Linda Sarsour, another prominent Palestinian American activist, emphasized the need for unity among various social movements. As an example, she mentioned her fundraising campaign in February to repair the desecrated Jewish cemeteries in St. Louis and Philadelphia, which raised almost $100,000—not to mention some suspicion among a few Jewish groups.
But Sarsour explained, “Sometimes we gotta show up for someone else.”
“This is the kind of movement we need right now,” she said. “When I raised the money for the cemetery, I didn’t call and ask, ‘What are the politics of those people [in the cemetery]?’ Because I’m sure the people who desecrated that cemetery didn’t care either.”
Sarsour and other speakers pointed to what they viewed as parallels between Trump’s America and Netanyahu’s Israel, particularly similarities between America’s treatment of African-Americans and Israel’s treatment of Palestinians.
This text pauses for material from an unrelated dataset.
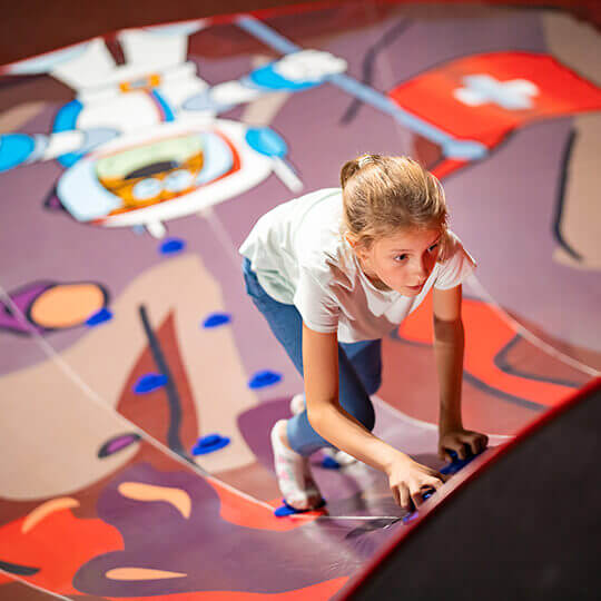 Action à grande vitesse et sensations fortes - d'abord la pénible montée, puis la débauche de gaz en bas. Pour pouvoir contempler sublimement tes sujets depuis le sommet du volcan, tu dois grimper à 5 mètres de hauteur. Après le tour, le toboggan volcanique n'attend que de te recracher juste devant l'immense Kiddy Dome Tiger et le terrain de soccer, où les prochaines aventures t'attendent déjà.

“Racists love Israel because it is carrying out their dreams to oppress Arabs and Muslims,” Judith Butler, a noted political philosopher and gender studies theorist, told the JVP audience on Friday night.
Such remarks, not to mention speakers like Odeh, lead some to attack JVP as self-hating Jews; Erdan is only the latest. But many JVP members say they have been drawn to the group because it is the one place they can openly discusses, in a specifically Jewish context, the dilemma of how Jews can be considered oppressors.
Carolyn Klaasen, a doctoral student at the Union Theological Seminary, joined JVP six years ago after a trip to Israel and Palestinian territories. “Seeing the occupation destroyed my ideals about Judaism,” she said. “I needed to rebuild my relationship with Judaism. I wish other Jews had the opportunity to hear about the realities of Palestinian lives. How Palestinians resist and live is not often talked about in the Jewish community.”
Over the weekend’s discussions and workshops, JVP members tried to figure out what they, personally, could do to support the Palestinian cause from their American base. Deadly Exchange, one of JVP’s newest projects, will target the exchange programs between American police forces and the IDF where they two groups, in the words of JVP deputy director Stefanie Fox, share “worst practices.”
“They practice torture, surveillance and spying,” she said, “which is all brought to bear against Palestinians and people of color.”
For the first time, the group also seriously discussed changing its non-stance on Zionism. Up to now, said JVP media coordinator Naomi Dann, JVP’s official policy was not to have a policy. But the presence of many anti-Zionists at the convention has made the group start to reconsider its stance.